Search code examples
linuxbashfileshelltext

How to split a file and keep the first line in each of the pieces?


Given: One big text-data file (e.g. CSV format) with a 'special' first line (e.g., field names).

Wanted: An equivalent of the coreutils split -l command, but with the additional requirement that the header line from the original file appear at the beginning of each of the resulting pieces.

I am guessing some concoction of split and head will do the trick?


Solution

  • This is robhruska's script cleaned up a bit:

    tail -n +2 file.txt | split -l 4 - split_
    for file in split_*
    do
        head -n 1 file.txt > tmp_file
        cat "$file" >> tmp_file
        mv -f tmp_file "$file"
    done
    

    I removed wc, cut, ls and echo in the places where they're unnecessary. I changed some of the filenames to make them a little more meaningful. I broke it out onto multiple lines only to make it easier to read.
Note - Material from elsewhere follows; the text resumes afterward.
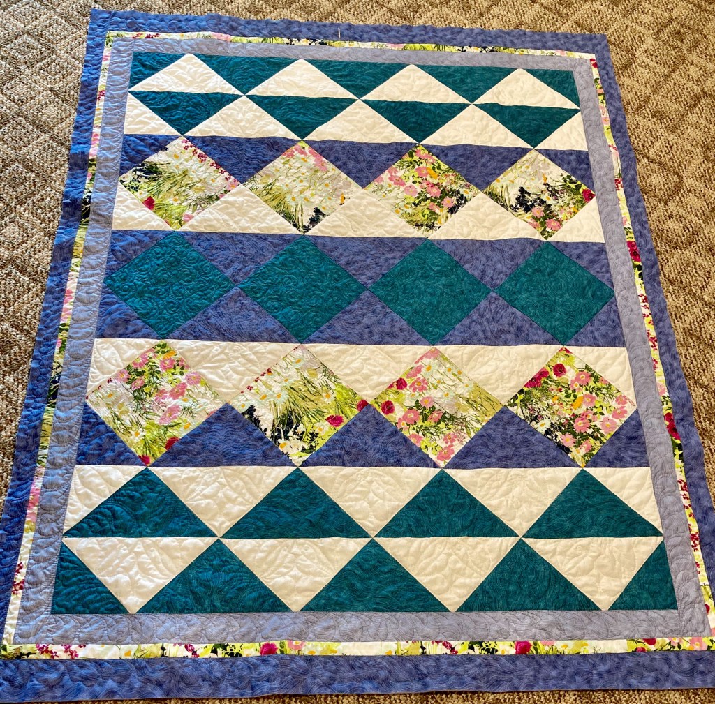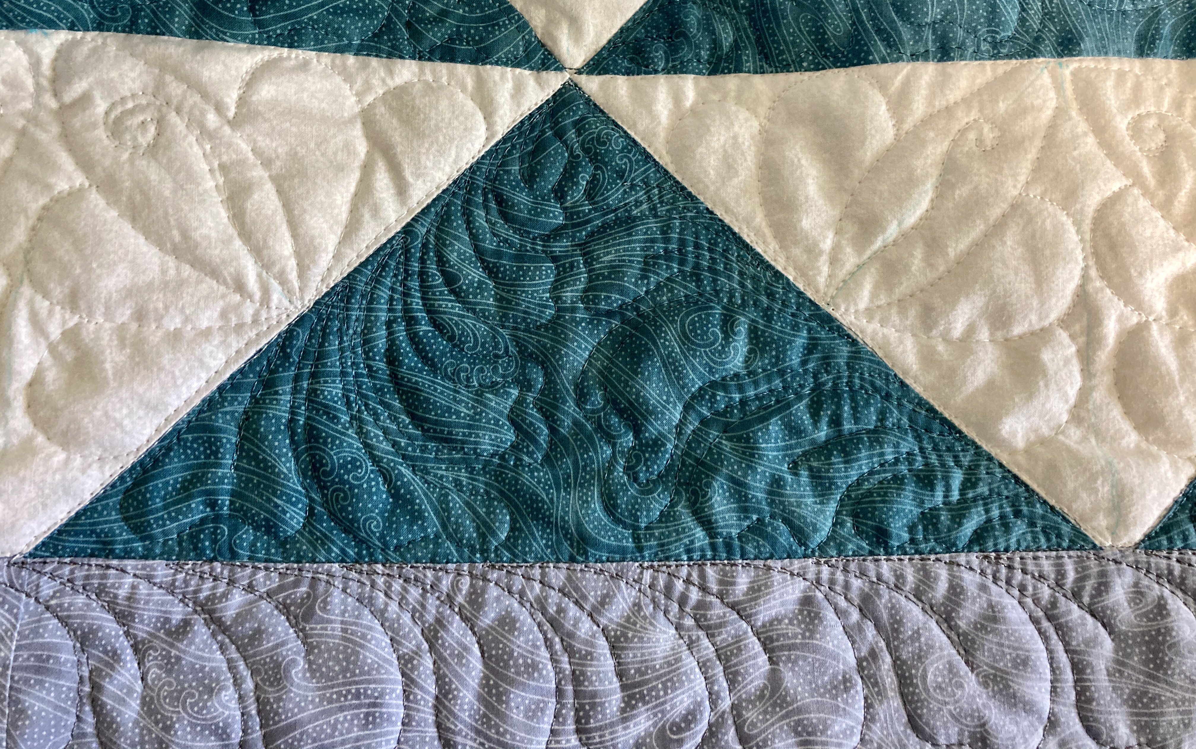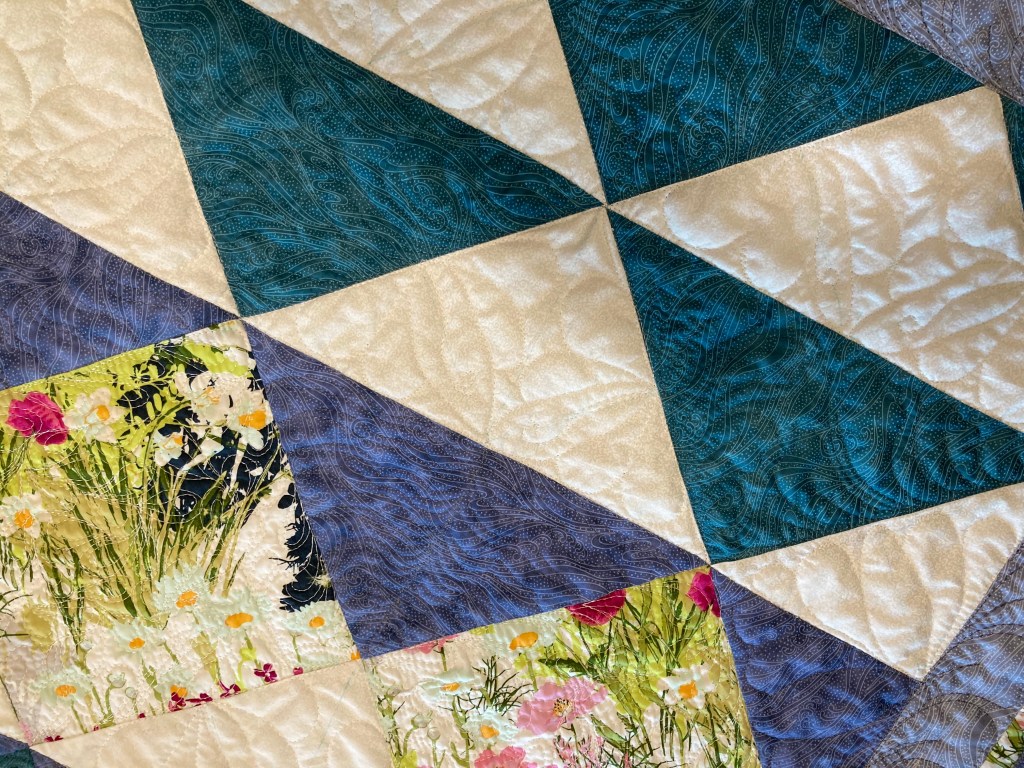 Next up was teal twist and swirls swirls in the large teal squares. The teal HSTs were marking with ceramic marker down the middle and feathers traveling along each bias cut side. The teal squares were quilted using swirls.

    If you want to get fancy, you could use mktemp or tempfile to create a temporary filename instead of using a hard coded one.

    Edit

    Using GNU split it's possible to do this:

    split_filter () { { head -n 1 file.txt; cat; } > "$FILE"; }; export -f split_filter; tail -n +2 file.txt | split --lines=4 --filter=split_filter - split_
    

    Broken out for readability:

    split_filter () { { head -n 1 file.txt; cat; } > "$FILE"; }
    export -f split_filter
    tail -n +2 file.txt | split --lines=4 --filter=split_filter - split_
    

    When --filter is specified, split runs the command (a function in this case, which must be exported) for each output file and sets the variable FILE, in the command's environment, to the filename.

    A filter script or function could do any manipulation it wanted to the output contents or even the filename. An example of the latter might be to output to a fixed filename in a variable directory: > "$FILE/data.dat" for example.